Larry Silverstein boasts that 7 will be the safest commercial office building in the U.S., until the Freedom Tower is built. "Miraculously, the structure of 7 and the life-safety enhancements parallel the recommendations" made in June by the National Institute of Standards and Technology in its $16-million report on the World Trade Center, says Silverstein. "We anticipated this by about three years," he says.

Going Further

Core in Core. Emergency access core within Freedom Tower’s main core will provide dedicated and protected elevators for firefighters, and more. (Image courtesy of Skidore Owings and Merrill LLP)

Each subsequent building in the WTC redevelopment will be designed using the same principles, Silverstein says. Plans for the Freedom Tower go further. It will have a concrete-enclosed emergency access core within the concrete core.
Click here to view map

The EAC is designed to contain five service elevators, protected so that equipment will be able to resist water. The service lobby would be pressurized to mitigate smoke intrusion, either on the floor or in hoistways. The elevators and pressurized stairs would be dedicated for use by emergency responders. If an incident is on the 50th floor, firefighters will take the elevator to 48 and walk up, says Galioto. Elevators also would be used to evacuate those with disabilities. The EAC would contain the electrical and com-munications closets for emergency services.

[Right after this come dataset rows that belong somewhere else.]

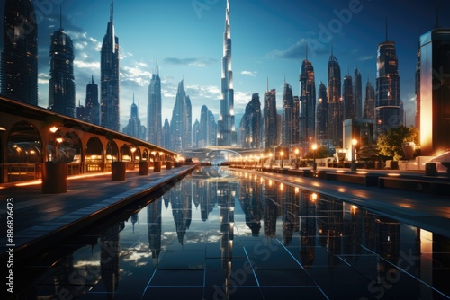 © JONATAS, Fototapeta premium Skyscraper painting at sunset, generative IA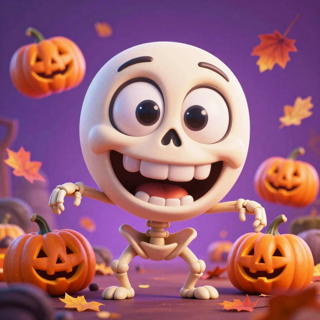 Cartoon-style skeleton with big eyes grinning widely, colorful whimsical background with floating pumpkins and autumn leaves, playful and friendly character design, soft lighting, fantasy halloween theme, dynamic and lively composition.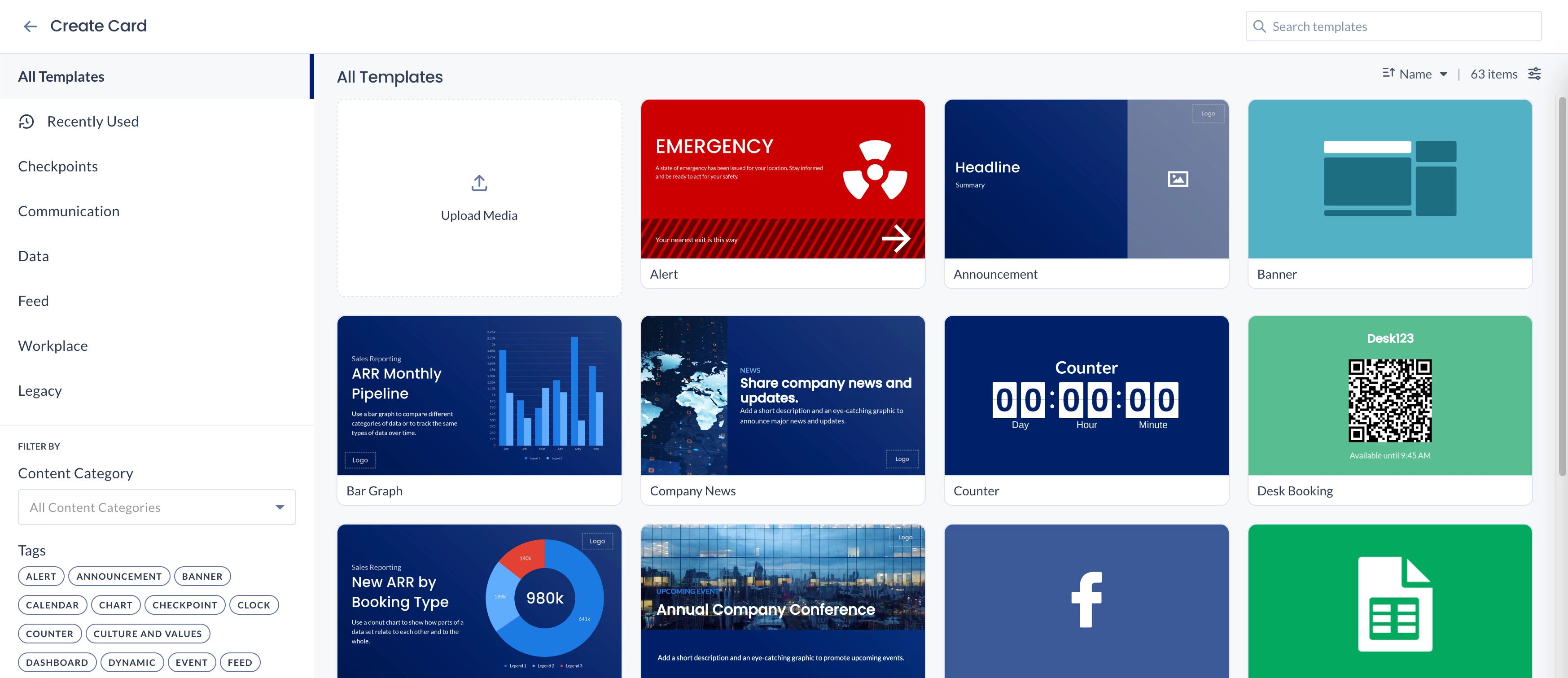 If you’re unable to locate the desired card content, you may use the Search bar, Template type, Filters, or Tags available in the side panel.
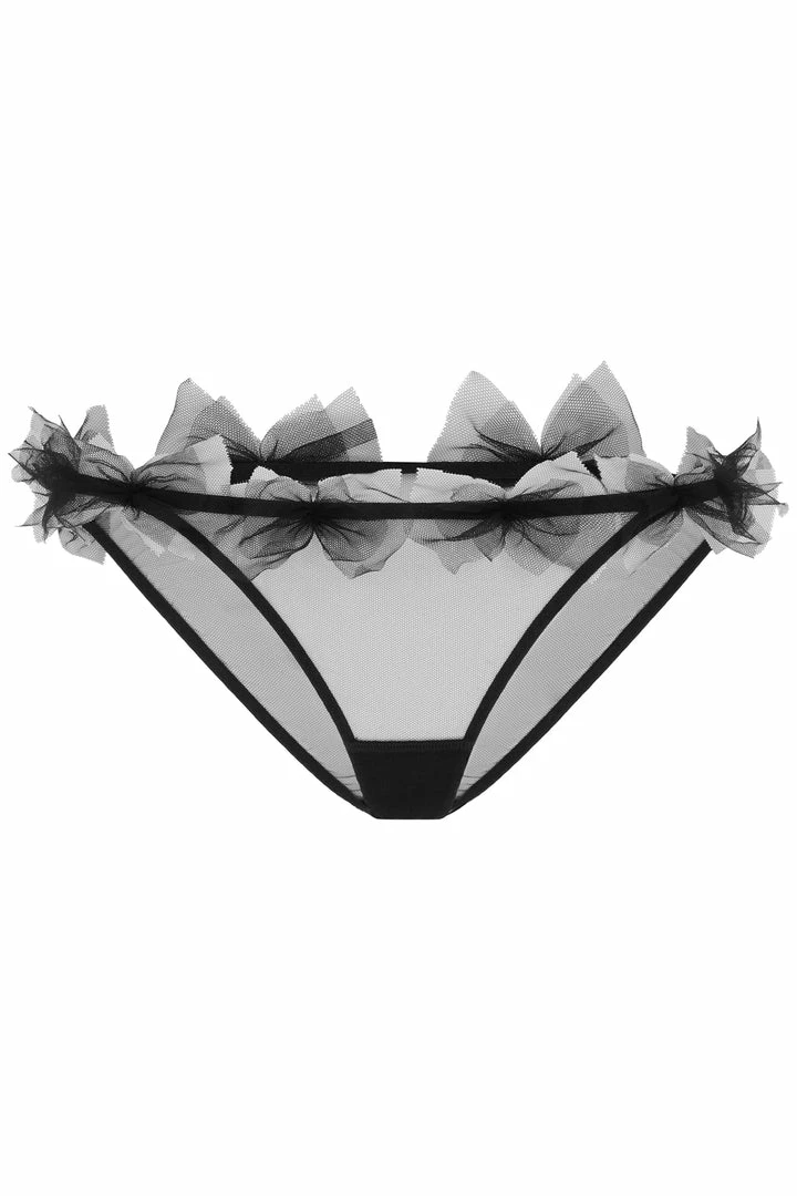 Discover the irresistible Fawn black brief from Agent Provocateur. This sensual brief is crafted from semi-sheer tulle net with 3D tulle bows for a mesmerizing effect. Wear yours with the matching Plunge Underwired Bra and Suspender Belt for an added wow factor.
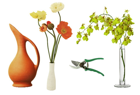 Choose the Right Container: An unusual vase can up the impact of even a simple arrangement, but choose one defined by intriguing shape or texture rather than color. “Bold hues—even a bright white—can detract from flowers’ natural beauty. For more basic containers, I prefer square vases to circular ones because they offer a nice contrast to the round, full arrangements that I love.”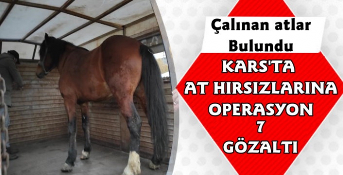 Kars Güncel- Yapılan açıklamada; "İl Jandarma Komutanlığımız sorumluluk bölgesinde 2020 Ekim ayı içerinde meydana gelen faili meçhul at hırsızlığı olayının aydınlatılabilmesi için Kars Jandarması JASAT timlerince 3 ay süren titiz çalışma ve takip sonucunda 13.01.2021 tarihinde Kars ve Ardahan illerinde yapılan operasyondan 7 şüpheli yakalanmış ve hayvanları çaldığı tespit edilen 3 şüpheli hakkında organize olarak hayvan hırsızlığı yapmak suçundan adli makamlar tarafından işlem başlatılmış ve çalınan atlar sahiplerine teslim edilmiştir." denildi.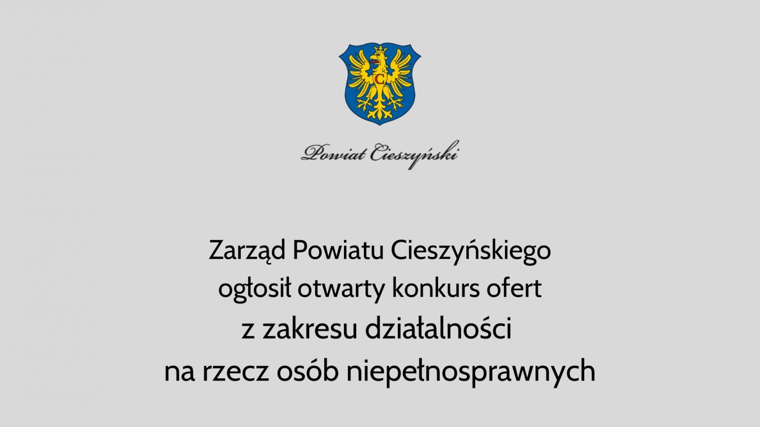 Zarząd Powiatu Cieszyńskiego ogłosił otwarty konkurs ofert z zakresu działalności na rzecz osób niepełnosprawnych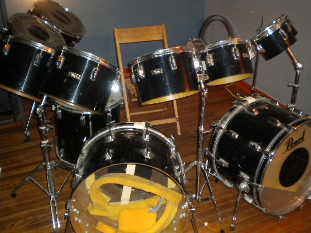 The Pearl set is fiberglass, 6 thru 16 concert toms, 16" floor tom, 2ea 22" bass drums virgins, all the stands for the toms, bass drum pedals, and comes with a slingerland highhat stand, and has original Pearl metal snare drum. Needs new drum heads. I can ship this, it is lightweight because of the fiberglass - Buyer pays all shipping costs - I'm firm on the price = $500 plus shipping - or you can pick up. I want this sold by friday so that i can pick up this roland before it sells. If you have a nice electronic kit to trade, hit me up.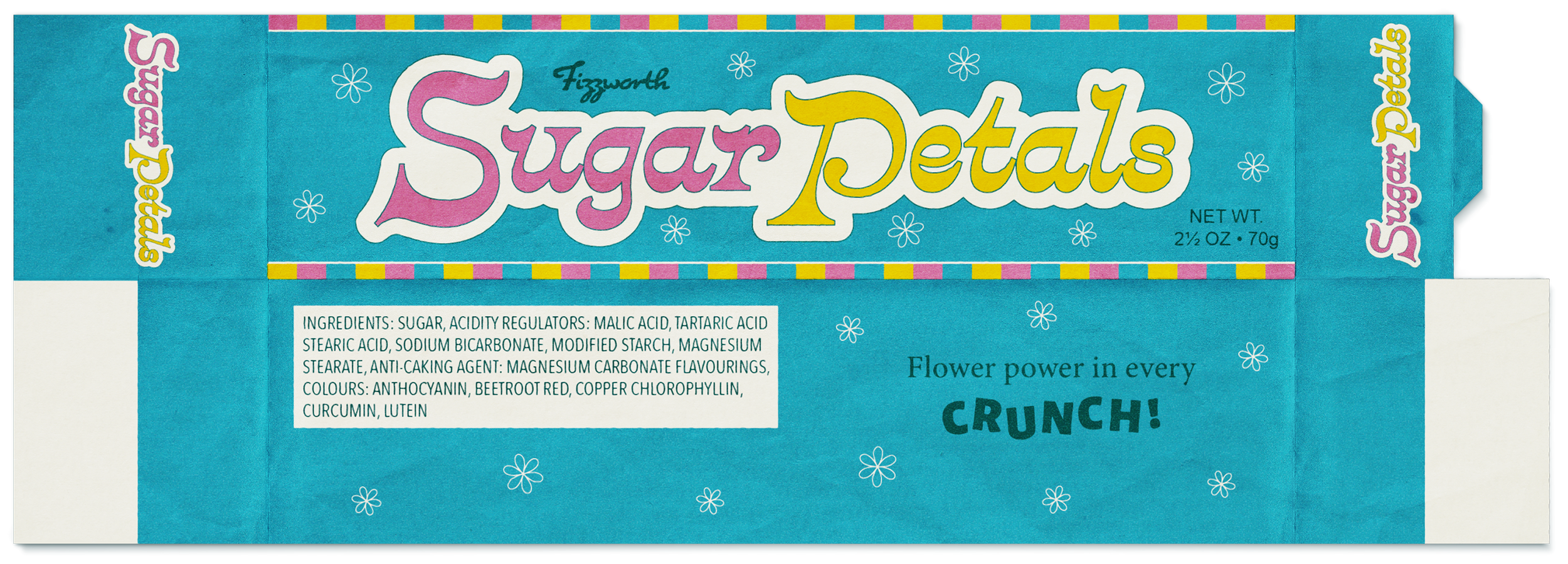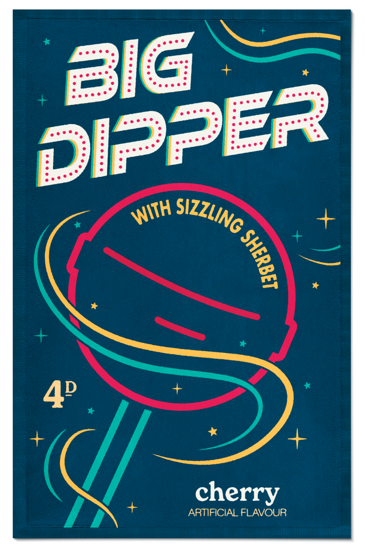 This personal project explores a 1970 confectionery shop through a series of bold, playful graphic props. The work draws on the visual language of the era, using vibrant colour, fun typography and detailed packaging design. All illustrations are my own.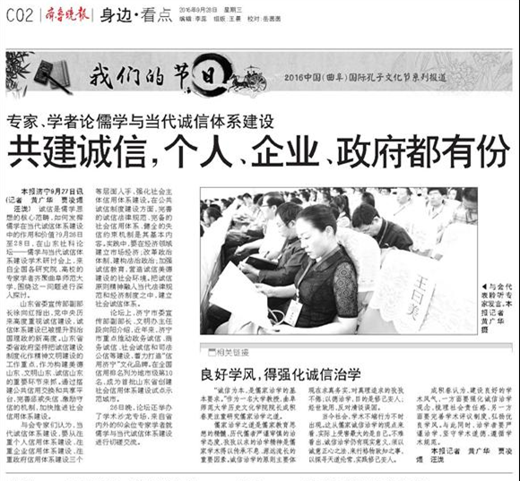 齐鲁晚报:专家、学者论儒学与当代诚信体系建设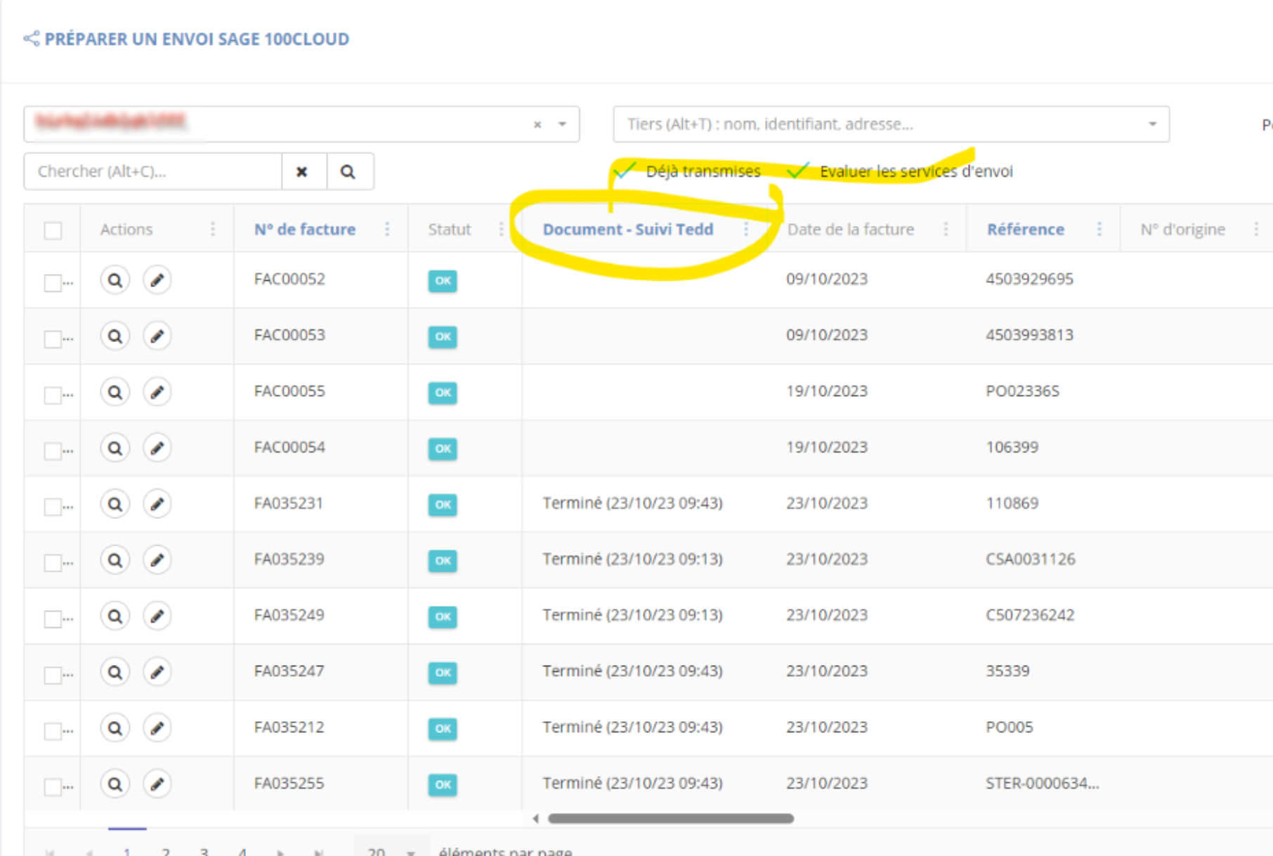 Cocher Evaluer les services d'envoi pour voir le statut se mettre à jour ( il indique si la facture respecte les critères attendu pour les traitements (chorus ok , email ok etc). )

The Freedom Tower project lost about eight months when the city police came up with new security rules for standoff distances after New York Gov. George E. Pataki decided West Street alongside the WTC site would remain a surface street. That meant going back to the drawing board. A new design concept was released in June (ENR 7/11 p. 10).

Towering Symbol. 1,776-ft-tall replacement for twin, 110-story towers to anchor lower Manhattan. (Rendering courtesy of Skidmore, Owings & Merrill LLP)

SOM plans to complete schematic design by year-end. Foundation packages should be issued before that so construction can commence in the first quarter of next year, says Galioto. That should "maintain the governor’s…schedule" for occupancy of the building in the spring of 2010, he says.

Silverstein calls the need to redesign a "frustrating" experience. He says his biggest regret in the last year was the "lack of coordination relative to the New York Police Dept. and security issues on the site. We lost time and encountered a good deal of additional cost," he says. Silverstein has not yet tallied the toll, but probably will seek reimbursement from the city or state.

For Tishman, it was not a total loss. Some of the planning and all of the relationships developed, especially with the Port Authority of New York and New Jersey, which owns the land and runs the PATH subway that runs under the site. But the team had to throw out lots of work.

Silverstein and SOM think the new design beats the first. "It responds to an even greater variety of issues," says Galioto. "We’re eager to proceed."